Reviewed: https://review.openstack.org/647678
Committed: https://git.openstack.org/cgit/openstack/keystone/commit/?id=1d8ac830a1ed6a571db6987d4ef657cf3e04d640
Submitter: Zuul
Branch: stable/stein

commit 1d8ac830a1ed6a571db6987d4ef657cf3e04d640
Author: Lance Bragstad <email address hidden>
Date: Thu Mar 21 18:21:42 2019 +0000

    Update system group assignment policies for reader and member

    This commit introduces the reader and member default roles to the
    system assignment API for groups. Users with the `reader` and `member`
    role on the system should be able to list and check system role
    assignments for all users in the deployment.

    Subsequent patches will:

      - simplify the policies for system admin
      - add domain user test coverage
      - add project user test coverage
      - remove obsolete policies from policy.v3cloudsample.json

    Change-Id: I7eebb1b07213a1406e98f8a621ec44c87b812457
    Related-Bug: 1805368
    Related-Bug: 1750669
    Related-Bug: 1806762
    (cherry picked from commit 593e67e6ca429c6e6b54c5453a05c40a73abee85)

Reviewed: https://review.openstack.org/647679
Committed: https://git.openstack.org/cgit/openstack/keystone/commit/?id=02eebfe5732fb9935331551e223337b22db7aebd
Submitter: Zuul
Branch: stable/stein

commit 02eebfe5732fb9935331551e223337b22db7aebd
Author: Lance Bragstad <email address hidden>
Date: Thu Mar 21 18:29:21 2019 +0000

    Update group system grant policies for admins

    This commit updates the policies for adding and removing system
    assignments from groups to be consistent with other system-scoped
    policies.

    Subsequent patches will build on this work and:

      - add domain user test coverage
      - add project user test coverage
      - remove obsolete policies from policy.v3cloudsample.json

    Change-Id: I90ecc67dbae60c74b69bb227a08205d4415bd16e
    Related-Bug: 1805368
    Related-Bug: 1750669
    Related-Bug: 1806762
    (cherry picked from commit ba09e89ba1b8a883b09ca81f43bf54bd870411c1)

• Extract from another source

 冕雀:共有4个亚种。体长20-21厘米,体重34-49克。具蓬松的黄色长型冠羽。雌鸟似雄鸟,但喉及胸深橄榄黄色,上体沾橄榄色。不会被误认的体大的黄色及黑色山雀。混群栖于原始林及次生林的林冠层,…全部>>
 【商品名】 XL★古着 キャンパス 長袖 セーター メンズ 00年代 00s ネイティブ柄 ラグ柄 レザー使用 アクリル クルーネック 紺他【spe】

Reviewed: https://review.openstack.org/647680
Committed: https://git.openstack.org/cgit/openstack/keystone/commit/?id=56e48127938be2d67b984d00b155833532233713
Submitter: Zuul
Branch: stable/stein

commit 56e48127938be2d67b984d00b155833532233713
Author: Lance Bragstad <email address hidden>
Date: Thu Mar 21 18:54:06 2019 +0000

    Test domain and project users against group system assignment API

    This commit ensures that domain and project users are not able to
    operate on system role assignments for groups in anyway since they
    lack the proper authorization to do so.

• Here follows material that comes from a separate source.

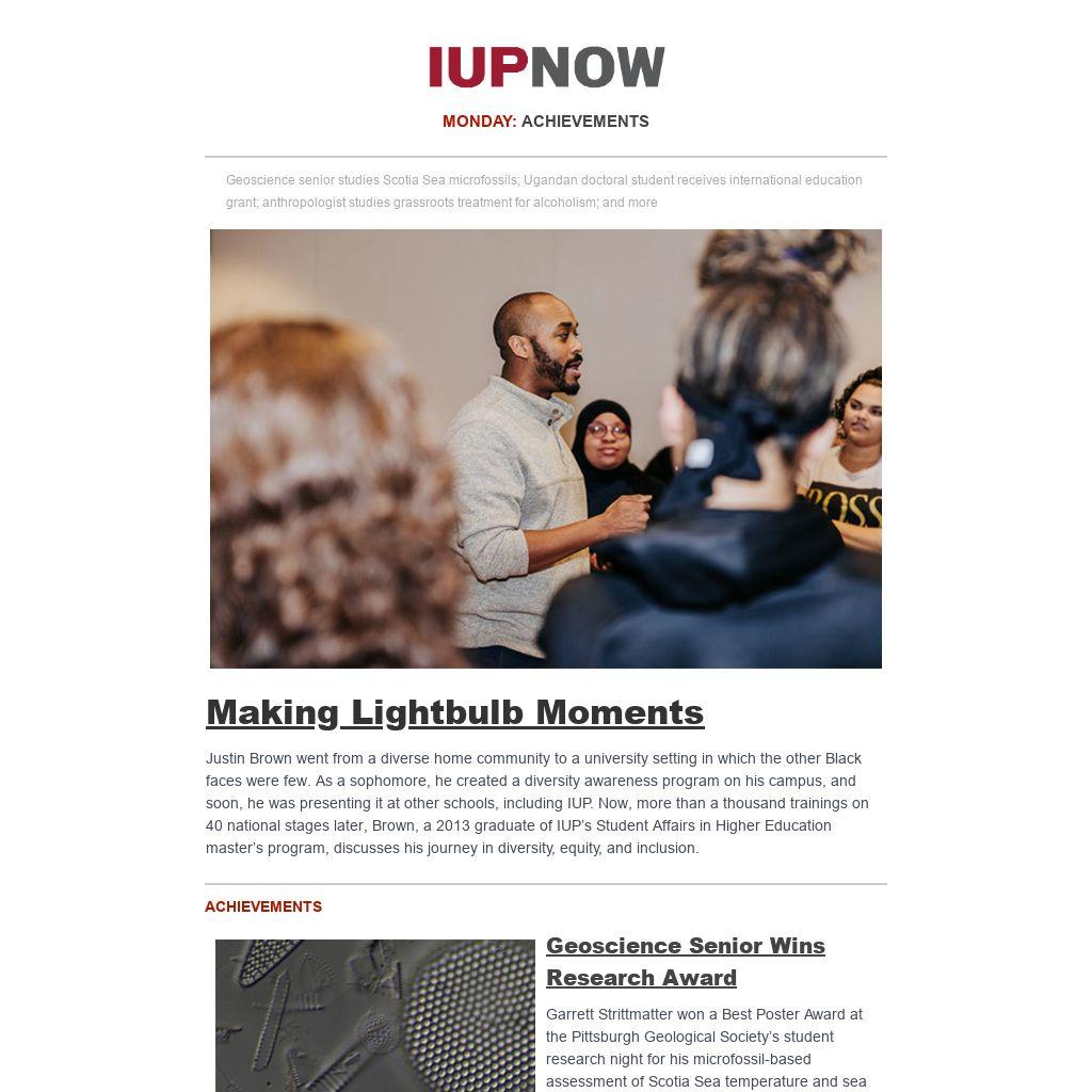 Justin Brown went from a diverse home community to a university setting in which the other Black faces were few. As a sophomore, he created a diversity awareness program on his campus, and soon, he was presenting it at other schools, including IUP. Now, more than a thousand trainings on 40 national stages later, Brown, a 2013 graduate of IUP’s Student Affairs in Higher Education master’s program, discusses his journey in diversity, equity, and inclusion.

    Subsequent patches will:

     - remove obsolete policies from policy.v3cloudsample.json

    Change-Id: I696e5d161fae7efbc208355372bf7bf09f96849f
    Related-Bug: 1805368
    Related-Bug: 1750669
    Related-Bug: 1806762
    (cherry picked from commit 6e118bad3d49bc1da7137a406fb8cb2e3da931ca)

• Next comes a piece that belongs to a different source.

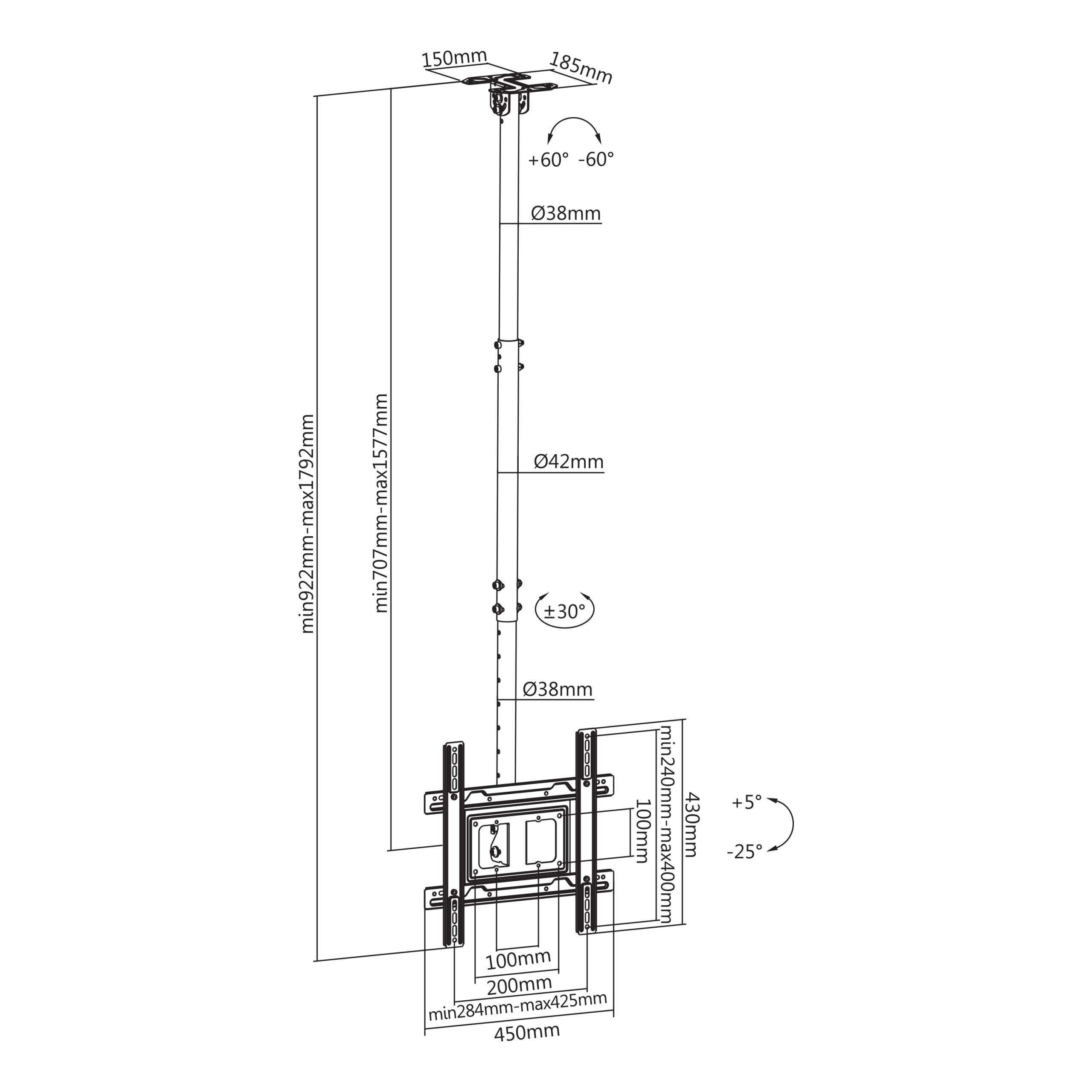 Vertikalni nagib : +5° / -25°

Reviewed: https://review.openstack.org/647681
Committed: https://git.openstack.org/cgit/openstack/keystone/commit/?id=b7a64a9315a2bfe8c76b4e9b117458530df75e80
Submitter: Zuul
Branch: stable/stein

commit b7a64a9315a2bfe8c76b4e9b117458530df75e80
Author: Lance Bragstad <email address hidden>
Date: Thu Mar 21 19:28:08 2019 +0000

    Remove system assignment policies from policy.v3cloudsample.json

    By relying on system-scope and default roles, these policies are now
    obsolete.

    Change-Id: I7a17c2baa6e23b6a5d8fe21668a66ea8c8a89232
    Partial-Bug: 1806762
    (cherry picked from commit 0dbc8a88e8856d5decb1d0efec2921f49d90b879)

Related fix proposed to branch: stable/stein
Review: https://review.openstack.org/647815

Reviewed: https://review.openstack.org/647552
Committed: https://git.openstack.org/cgit/openstack/keystone/commit/?id=24c875fe76474e3194100f138311a151aa2e6b6d
Submitter: Zuul
Branch: stable/stein

commit 24c875fe76474e3194100f138311a151aa2e6b6d
Author: Lance Bragstad <email address hidden>
Date: Mon Dec 10 22:01:23 2018 +0000

    Implement domain admin functionality for projects

    This commit add explicit testing to show how users with the admin role
    on a domain can manage projects within their domain. It also modifies
    the default policies to account for this functionality. A subsequent
    patch will do the same for project users.

    Change-Id: I3e1cc44c4ed09ea0a4123ea13974b963c7335676
    Closes-Bug: 1750660
    Related-Bug: 1806762
    (cherry picked from commit 09663a01a4eda4332e55637a120019e1784b967e)

Reviewed: https://review.openstack.org/647589
Committed: https://git.openstack.org/cgit/openstack/keystone/commit/?id=570e47dbf3c0c24483be94e0d338acbb6dc2f2c9
Submitter: Zuul
Branch: stable/stein

commit 570e47dbf3c0c24483be94e0d338acbb6dc2f2c9
Author: Vishakha Agarwal <email address hidden>
Date: Tue Mar 5 13:00:55 2019 +0530

    Remove assignment policies from policy.v3cloudsample.json

    By incorporating system-scope and default roles, we've
    effectively made these policies obsolete. We can simplify
    what we maintain and provide a more consistent, unified
    view of default service behavior by removing them.

    This commit also removes some redundant tests in test_v3_protection
    or corrects them.

    Partial-Bug: 1806762
    Change-Id: I008aed9c01b9e834a197444ff2dc1f6eb1ba25b1
    (cherry picked from commit 64a455ef94c685d48605c0c40db37c2226707f57)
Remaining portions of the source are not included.